■ Supplied data ■
/---
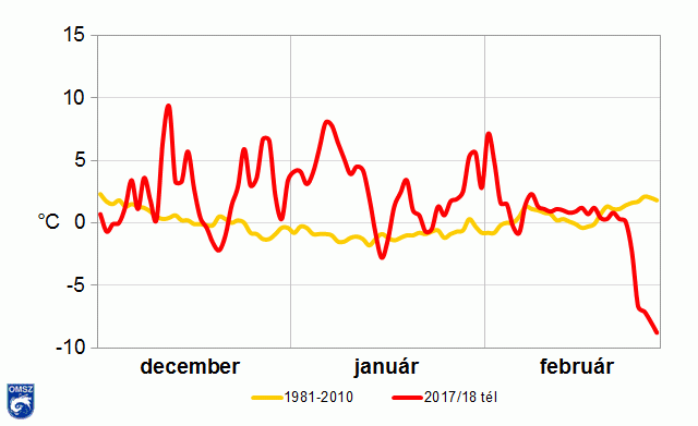 A következőkben összefoglaljuk, hogyan változott az országos átlagban vett napi középhőmérséklet a 2017/2018-es tél során. (5. ábra)
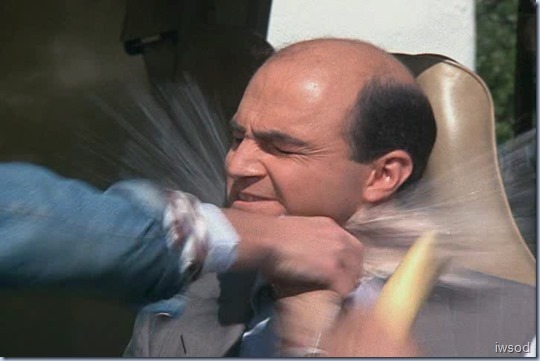 (Terry slams the beige baddie with his choco blocko shake.. also beige coloured.. how appropriate. however, the impact is less beige!)
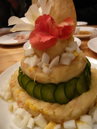 カレー味のポテトサラダでケーキの形。
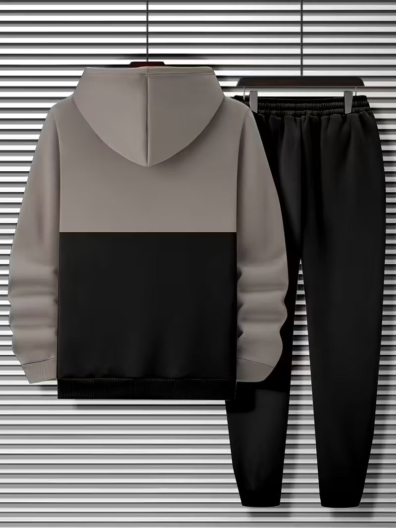 Men's Autumn and Winter Color Block Plaid Print Hoodie,set
\---
■ Work order ■
When the listing is transcribed, every line must match the original exactly, and the pictures must be left out.

■ Response to this task ■
 A következőkben összefoglaljuk, hogyan változott az országos átlagban vett napi középhőmérséklet a 2017/2018-es tél során. (5. ábra)
 (Terry slams the beige baddie with his choco blocko shake.. also beige coloured.. how appropriate. however, the impact is less beige!)
 カレー味のポテトサラダでケーキの形。
 Men's Autumn and Winter Color Block Plaid Print Hoodie,set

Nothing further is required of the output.